Solution: Step 1: Define variables and system
Let \(M\) be the mass of the smaller block and \(10 M\) be the mass of the bigger block. The system (both blocks) is released from rest, meaning the initial horizontal momentum is zero. Since all surfaces are frictionless, there are no net external horizontal forces acting on the system. Therefore, the horizontal position of the center of mass of the system remains constant throughout the motion.
Step 2: Apply conservation of center of mass position
Let the bigger block move a distance \({X}\) to the right.

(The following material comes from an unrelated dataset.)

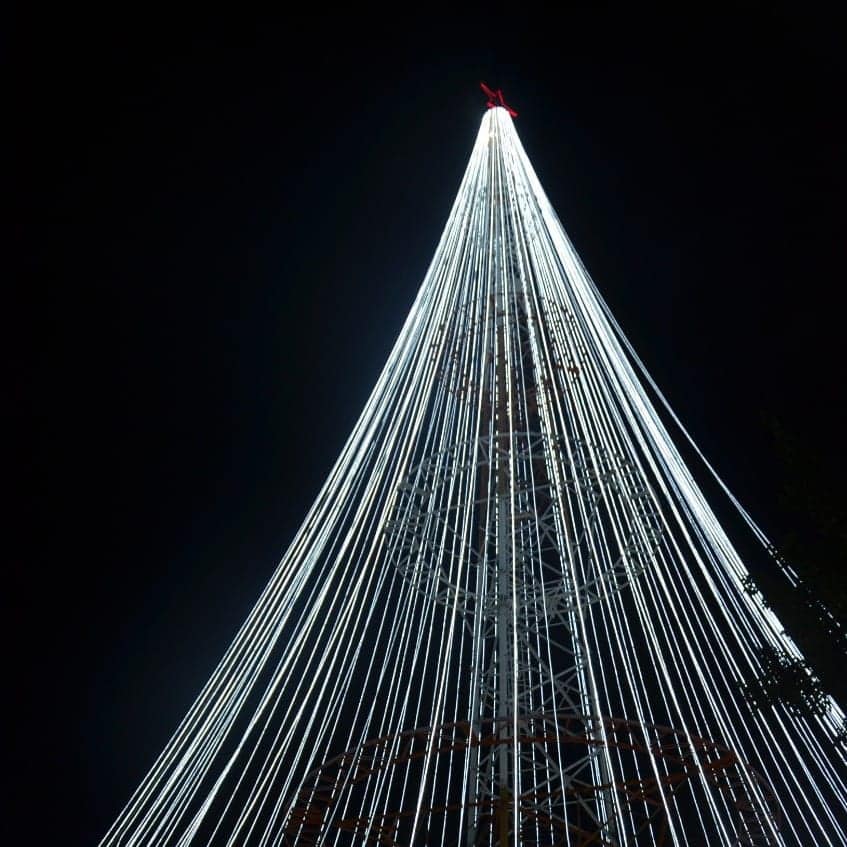 A árvore gigante de 54 metros com cerca de 150 mil lâmpadas de Led, foi instalada na Praça da Vitória, cartão postal da cidade.
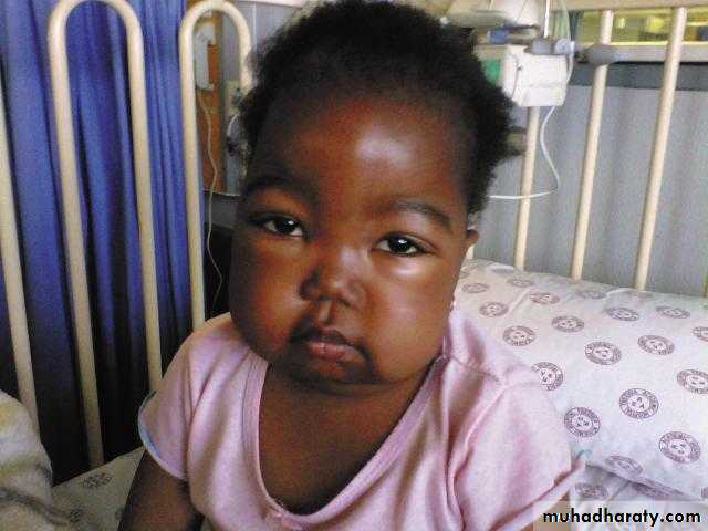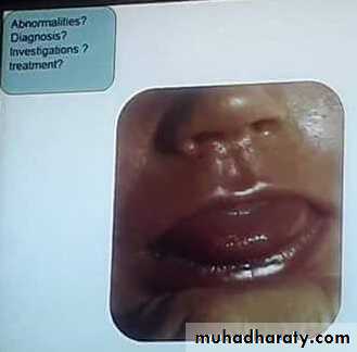 Maxilary hypertrophy , paller , browns discoloration below eye lids

The smaller block moves a distance of (2.2 – X) to the left relative to the ground (based on the assumption that its relative horizontal displacement on the bigger block is 2.2 m ).
Using the conservation of the center of mass position in the horizontal direction:
\(
M x_1+10 M x_2=\mathrm{constant}
\)
The change in the center of mass position is zero:
\(
M \Delta x_1+10 M \Delta x_2=0
\)
Let the origin be the initial horizontal position of the center of mass. The displacement of the bigger block is \(\Delta x_2=X\) (to the right, positive). The displacement of the smaller block relative to the ground is \(\Delta x_1=-(2.2-X)\) (to the left, negative).
Step 3: Solve for the distance \({X}\)
Substitute the displacements into the equation:
\(
\begin{gathered}
M(-(2.2-X))+10 M(X)=0 \\
-2.2 M+M X+10 M X=0 \\
11 M X=2.2 M
\end{gathered}
\)
Divide by \(11 M\) (assuming \(M \neq 0\) ):
\(
\begin{aligned}
X & =\frac{2.2 M}{11 M} \\
X & =0.2 \mathrm{~m}
\end{aligned}
\)
The distance moved by the bigger block at the instant the smaller block reaches the ground is \(\mathbf{0 . 2 ~ m}\).